Does fat make you fat?

Many prejudices about fat still persist. One of the biggest: fat makes you fat. But is that really true? Not really: weight gain depends on the overall balance between the calories consumed and the energy expenditure (metabolism and physical activity). If we consume more calories than the body burns, we gain weight - regardless of whether these calories come from fats, carbohydrates, or proteins.

However, fat contains more calories per gram than carbohydrates and proteins, so excessive consumption of fatty foods can easily lead to excessive calorie intake - and in the long term to weight gain if the energy is not burned through exercise. So it's, as with everything, about balance.

“Low-fat” products are trendy - but are they really healthier?

As part of the "diet culture," low-fat products are very popular, and supermarkets are full of low-fat yogurts, light dressings, light chips, or diet cereal bars. For a long time, it was said that low-fat foods contribute to a healthier diet and should help with weight loss: triggered in the 1970s when scientific studies began to establish a link between a high-fat diet and cardiovascular diseases as well as overweight.

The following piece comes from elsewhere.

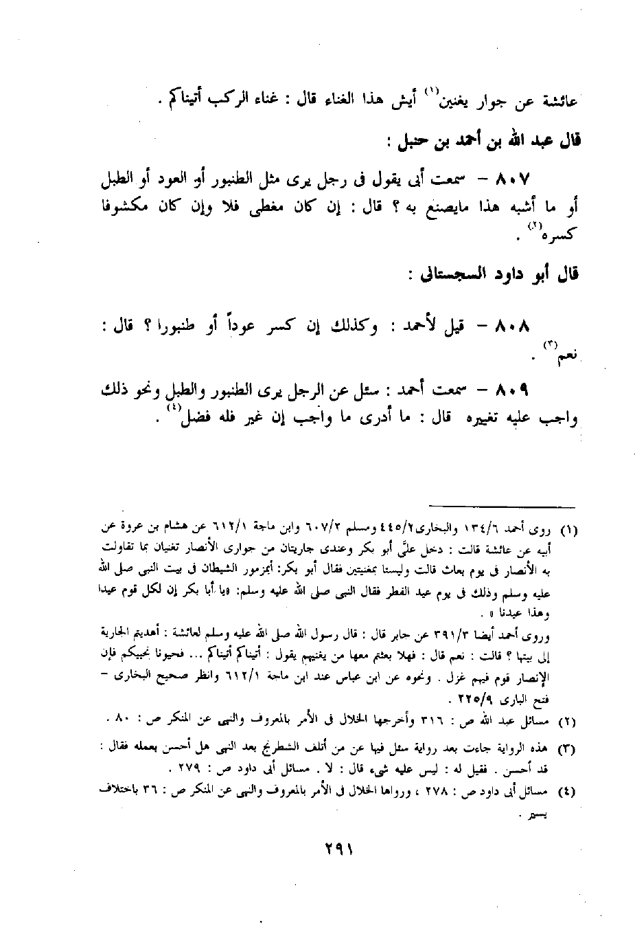 807 - سمعت أبى يقول فى رجل يرى مثل الطنبور أو العود أو الطبل أو ما أشبه هذا ما يصنع به؟ قال: إن كان مغطى فلا وإن كان مكشوفا كسره «2».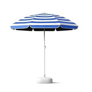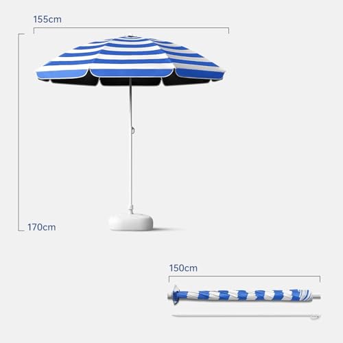 Sonnenschirm mit Sockel, Strandschirm Windfest UPF50+ Sonnenschutz Höhenverstellbar für Strand, Camping, Garten, Marktstände

Meanwhile, it is known: Fat is the most energy-rich macronutrient. It provides about nine calories per gram, compared to about four calories per gram for both carbohydrates and protein.

The result of consuming light products can be that we do not feel full and instead eat more fast carbohydrates like pasta, white bread, or sugared industrial products, which turn out to be far unhealthier. "Therefore, one should not banish good fats from their diet," advises the expert.

The DGE recommends consuming no more than 30 percent of daily energy in the form of fat per day. With a daily energy requirement of 2000 to 2500 kcal, this corresponds to about 60 to 80 g of fat. For illustration: "In one tablespoon of oil or one tablespoon of butter, there are about 10 grams of fat. By using 3 tablespoons of high-quality oil and 1 tablespoon of butter, about 20 to 40 g remain for non-visible fats from other foods."

Thus, many natural high-fat foods - like olive oil, linseed oil, nuts, seeds, or avocados - are simply healthy and should regularly be on our plates, while we should preferably avoid trans fats. Ultimately, a balanced diet with a variety of unprocessed and organic foods is the key to a healthy lifestyle, regardless of whether they are low in fat or not.